Motor Output and Sensorimotor Integration in the Spinal Cord
The final common motor pathway to the skeletal muscles is via the motoneurons, whose axons make up a substantial proportion of the myelinated fiber population of peripheral nerve. The major motor output of the spinal cord comes from the α-motoneurons, which directly stimulate skeletal muscle force production by synaptic activation at the motor end plate. The other cord output, from γ-motoneurons, exerts an indirect influence on muscle tension by controlling muscle spindle sensitivity and dynamic range, which consequently affects reflex activation of α-motoneurons.
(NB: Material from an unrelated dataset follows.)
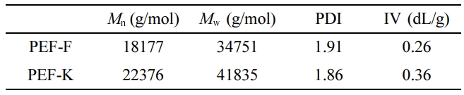 Molecular Weight by GPC and IV of PEF-F and PEF-K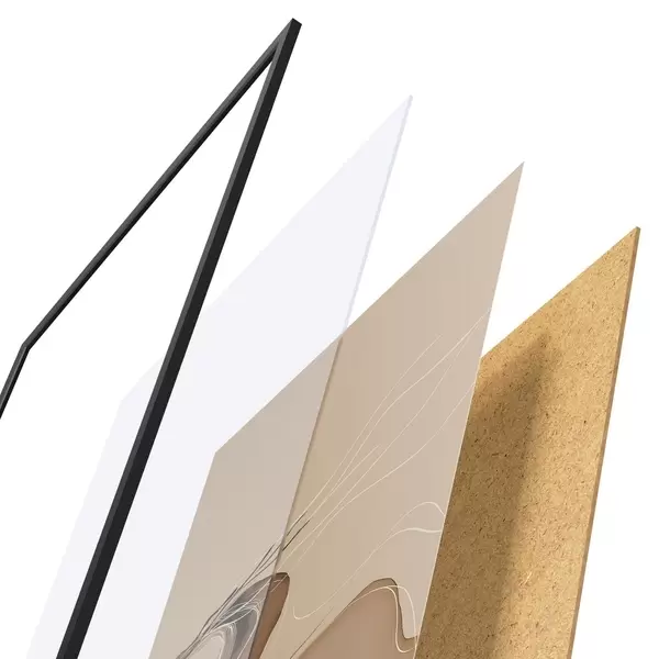 Plakatą sudaro rėmas, pleksiklas, atspausdintas vaizdas ir medžio drožlių plokštės pagrindas. Plakatą galima iš karto pakabinti ant sienos dėl kitoje pusėje esančių laikiklių.

The basic element of motor control is called the motor unit, which comprises an α-motoneuron together with all of the muscle fibers that it innervates [21]. The collection of α-motoneurons that innervates a single skeletal muscle is termed the motor unit pool of that muscle. The size of the motor units varies greatly. For muscles involved in high-precision movements such as those of the digits or face, the number of muscle fibers may be only 10. For large muscles of the trunk and limbs there may be 3000-4000 fibers per motor unit. These fibers may be distributed over the entire area of the muscle, so the territory of a single motor unit may be considerable. All muscle fibers in an individual motor unit are biochemically, histochemically, and physiologically identical, indicating the determination of muscle fiber properties by their innervation. In terms of muscle and contractile properties, there are three motor unit types. Those based on type I muscle fibers are characterized by relatively slow contraction speeds, reliance on aerobic energy metabolism, and a profuse capillary supply-features that confer extreme fatigue resistance. These units are active for much of the time, being involved in postural control, and are preferentially recruited by muscle spindle afferent input to the spinal cord. In contrast, type IIB motor units have fast contraction times, rely on anaerobic metabolism, have relatively poor vascular supply, and fatigue rapidly. They are preferentially recruited for large, fast movements such as limb withdrawal from a painful stimulus. Type IIA units are somewhere in between: the muscle fibers are fast contracting, well supplied with capillaries, have both aerobic and anaerobic energy production, and are moderately fatigue-resistant.